Start of Task material

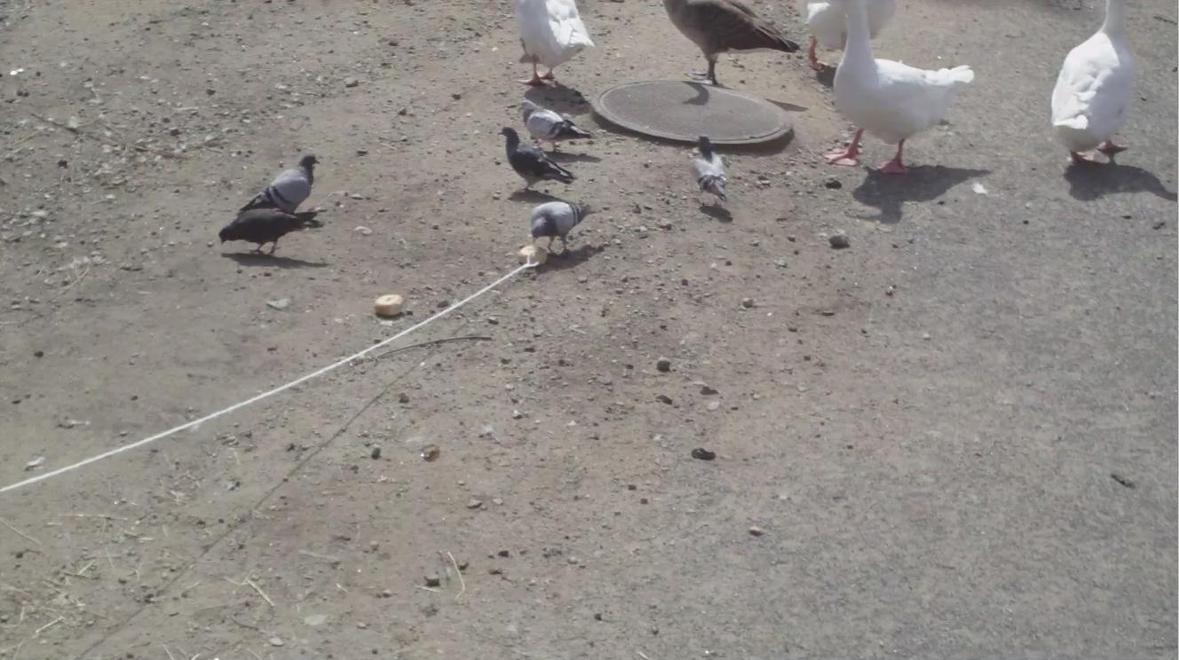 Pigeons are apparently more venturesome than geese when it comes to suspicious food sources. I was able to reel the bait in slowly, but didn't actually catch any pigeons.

End of Task material
Start of Task material

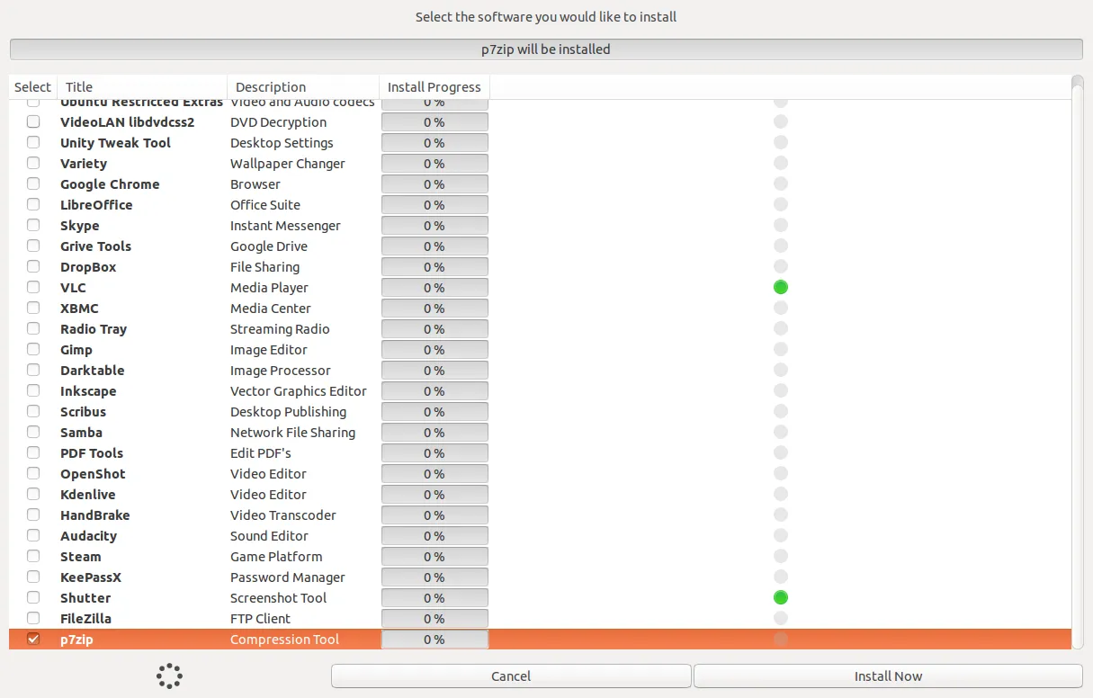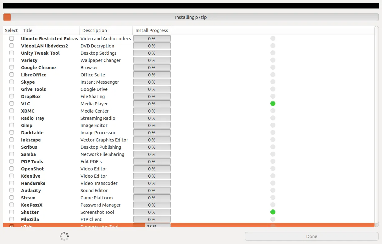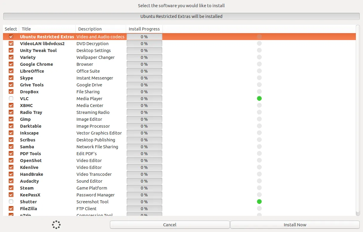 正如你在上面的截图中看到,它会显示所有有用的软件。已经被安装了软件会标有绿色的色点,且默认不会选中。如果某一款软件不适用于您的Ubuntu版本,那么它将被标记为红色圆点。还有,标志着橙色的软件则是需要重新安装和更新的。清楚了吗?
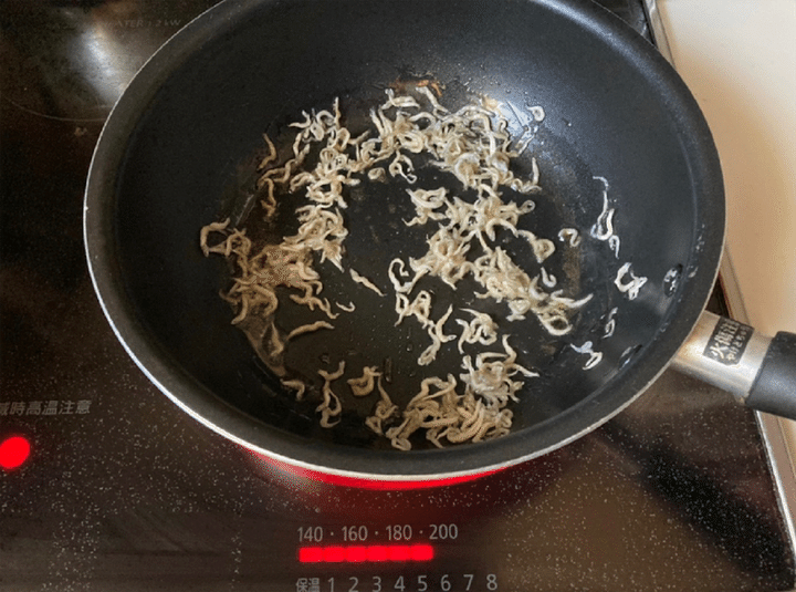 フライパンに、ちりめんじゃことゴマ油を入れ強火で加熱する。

End of Task material

Reproduce exactly the lines of the data above that run from the line with "正如你在上面的截图中看到,它" down to the line with "フライパンに、ちりめんじゃことゴマ油を入れ強火で加熱する。", both ends included. Pictures do not belong in the copy.

 正如你在上面的截图中看到,它会显示所有有用的软件。已经被安装了软件会标有绿色的色点,且默认不会选中。如果某一款软件不适用于您的Ubuntu版本,那么它将被标记为红色圆点。还有,标志着橙色的软件则是需要重新安装和更新的。清楚了吗?
 フライパンに、ちりめんじゃことゴマ油を入れ強火で加熱する。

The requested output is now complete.